Getting this right took 22 integration iterations (v5 through v22). The first 21 either produced correct output without CUDA graphs or fast output with garbled text. v22 was the first to achieve both.
Results
| Configuration | tok/s | Speedup | Output |
|---|---|---|---|
| TRT-LLM baseline (CUTLASS) | 97 | 1.0x | Correct |
| Warp-decode v22 | 162 | 1.67x | Correct |
Bypassing FP4 activation quantization (bf16 activations, FP32 accumulators throughout) means our output is closer to FP32 ground truth than the CUTLASS FP4×FP4 path. Cursor observed the same effect: 1.4x closer to 32-bit reference.

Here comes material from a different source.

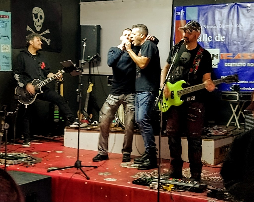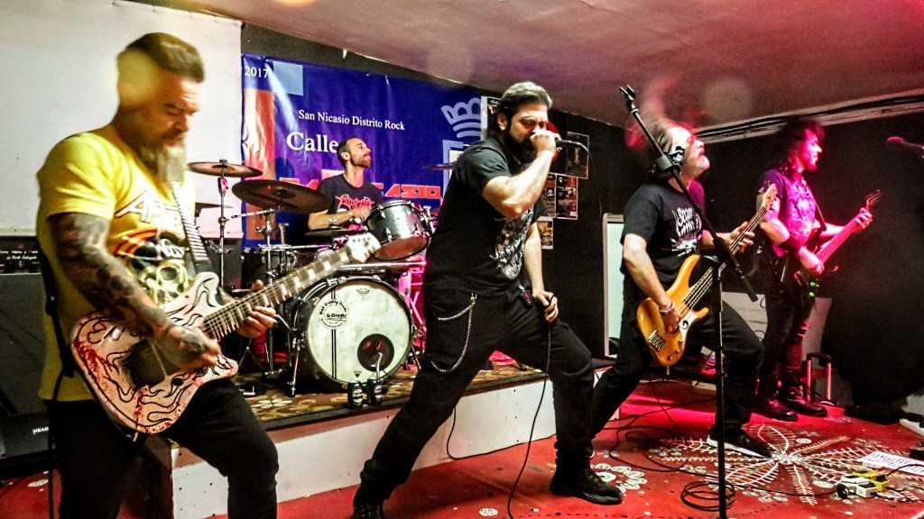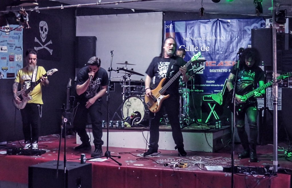 Lo cierto es que el acceso al recinto donde se ubica la nueva «sala» San Nicasio no es el mejor, además de nada apetecible sobre el mapa si no conoces la zona, pero la realidad es muy diferente, sobre todo en un horario vermuth como el que acontecía. El lugar está cuidadísimo, es espacioso, la sala es diáfana y con buen equipo de sonido, además de la gran hospitalidad marca de la casa en cuanto a buen rollo, comercio y bebercio a precios populares. Que más se puede pedir…Por todos estos motivos, el retraso de más de una hora del inicio del evento se llevó sin problemas, sumado a que la banda que abría, llamada Rock’R’Us, se trataba de un conjunto de versiones, que con todo mi respeto, no lo soporto. Hasta que estando fuera, de charla, ya que siempre caemos los mismos por estos saraos, empiezo a escuchar que sonaban de nivel, y es que en esta banda estaban nada más y nada menos que Jorge, batería de Avulsed, David, guitarra de Vita Imana, y Albert, ex-Dark Moor al bajo, acompañados por un vocalista, cuyo nombre no recuerdo, pero conocido del gariteo metalero madrileño, con una pose macarra top. Combinaron clásicos nacionales de SA y Barricada, para los que contaron con un invitado llamado Tony, que me disculpe si pertenece a alguna banda y no le reconocí, con internacionales (Megadeth, Maiden, Motorhead…) acabando con el «One» de Metallica, en el que subió Miguel Báez (Holycide, Caedis) como segundo guitarra. La peña, unos 50, estuvo entretenida y la banda cumplió con creces su función.

The speedup comes from the warp-per-element decode kernel eliminating the scatter/gather/padding overhead of grouped GEMM at small batch sizes. Grouped GEMM must reshape inputs into expert-shaped tiles regardless of how many tokens route to each expert. At batch=1, that reshaping dominates. At batch=8 the advantage narrows as expected: grouped GEMM amortizes the reshape cost across more rows, and CUTLASS tile utilization improves with larger M dimensions.
Next
The router GEMV is 34.1 us/layer (26% of remaining decode time). We built a warp-decode bf16 GEMV at 4.1 us but have not integrated it into production. Adding it projects to ~199 tok/s, a further 23% improvement.
Here at Morph, we're building specialized models and specialized inference engines for each one. If you're
All measurements on NVIDIA RTX PRO 6000 Blackwell Server Edition (SM120, 96 GB HBM3e, ~1.5 TB/s measured bandwidth). Model: Qwen3-Next-80B-A3B-Instruct-NVFP4 on TensorRT-LLM 1.3.0rc10.